Hello, Please correct me if I'm not using a term right; I'm new to the language, so I'm not all that familiar with what term applies to what :-)

I'm in kind of a bind here: I've got to, at compile time, do some conditional logic within a function literal based on the number of arguments passed. I could get away with a homogeneous variadic a-la "function void(auto args...)", however, if no arguments are passed, then the compiler infers args to be of type void[], which is a no-go for the compiler. Furthermore, in my case, I can't declare the type of arguments that the literal takes, as I don't know what types of parameters they want to call the literal with ahead of time. This leaves me with a single option (I think, there's probably some other way I overlooked): Use a heterogeneous variadic(?). Type parameters happen to be not valid on function literals as far as I can tell, so that's a no-go. I'm a little confused by this actually, as I can't really see why type parameters on function literals would be a "bad thing", and it seems like the solution that'd make most sense for D to allow.

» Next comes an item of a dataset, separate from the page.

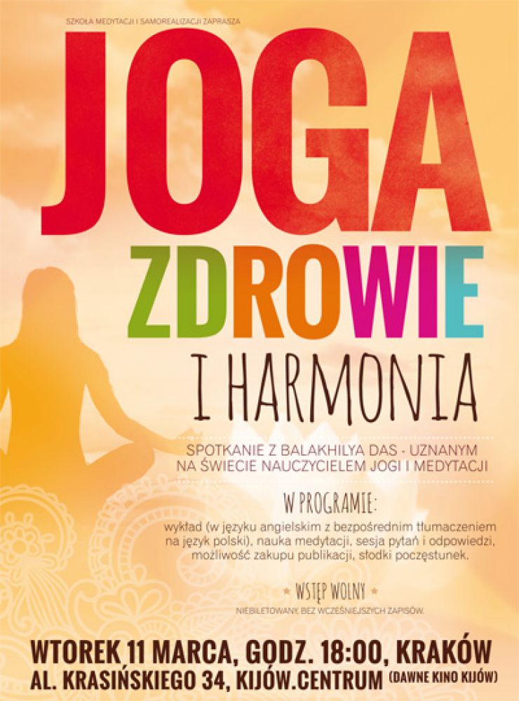 Pełne wyjaœnienie znaczenia jogi i pełne odpowiedzi na te, i podobne pytania uzyskasz w czasie marcowego wykładu doœwiadczonego nauczyciela jogi, eksperta w tej dziedzinie – Balakhilya das. Praktycznie weŸmiesz udział w zajęciach jogi i przekonasz się, że koniecznym w nich atrybutem nie musi być mata oraz, że joga nie zawsze musi być zwišzana z wysiłkiem fizycznym.
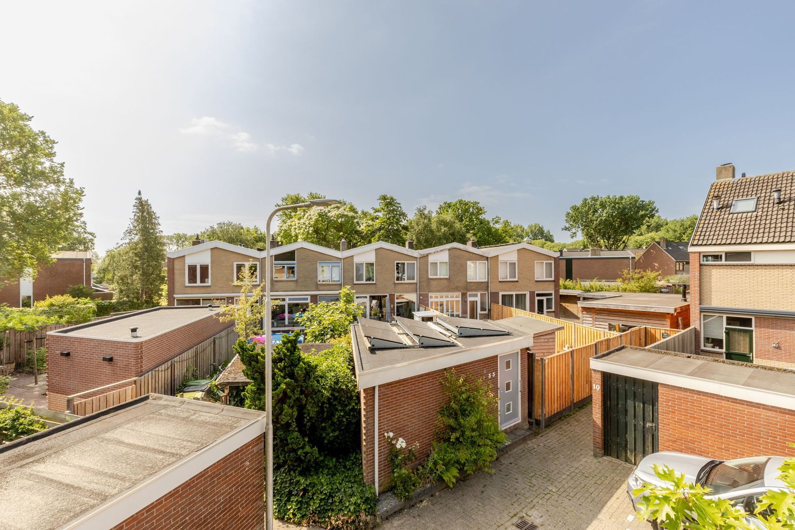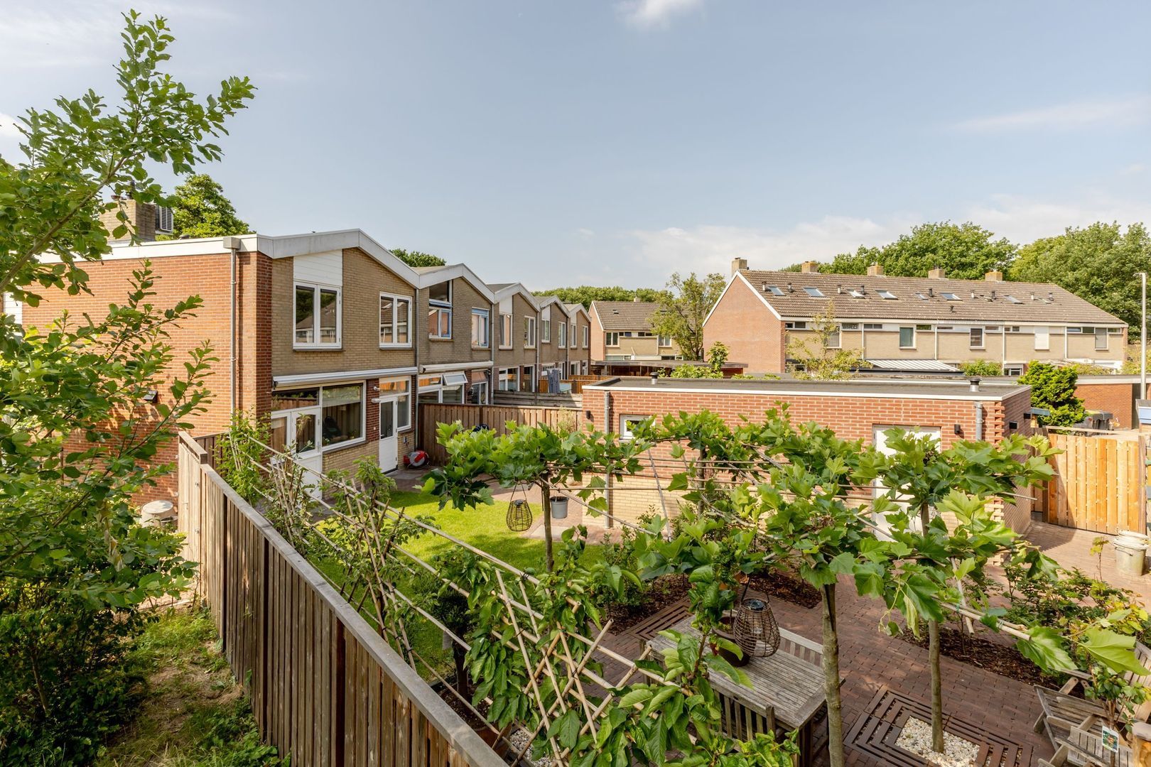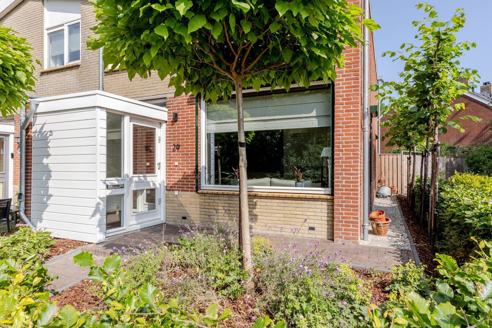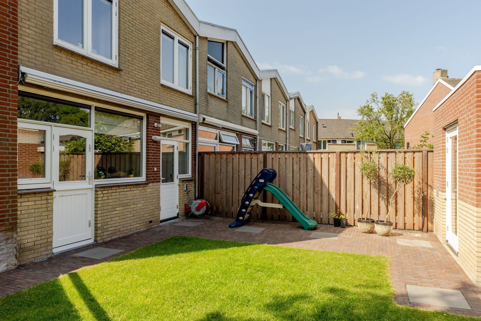 De achtertuin ligt op het noordwesten, is circa 17 meter diep en met zorg en smaak aangelegd. Dankzij het royale formaat is er ruimte gecreëerd voor een ruime, stenen berging van ruim 7 meter lang. Deze is volledig geïsoleerd, onderheid en voorzien van vloerverwarming, warm en koud water en een afvoer voor een wasbak. Bij de bouw is bovendien al rekening gehouden met de plaatsing van 6 tot 8 zonnepanelen op het dak van de berging — een waardevolle voorbereiding voor toekomstige verduurzaming.

So, is there any way to do something like this incorrect code:

auto opt_args = function string(Ctx...)(Ctx args) {
        static if(args.length > 1) {
                //Do something with args
                return "Foo";
        } else {
                writeln "Bar";
        }
}

opt_args(); // "Bar"
opt_args(1); // "Foo"

except in a way the compiler won't throw up at? It'd be *very* useful for metaprogramming.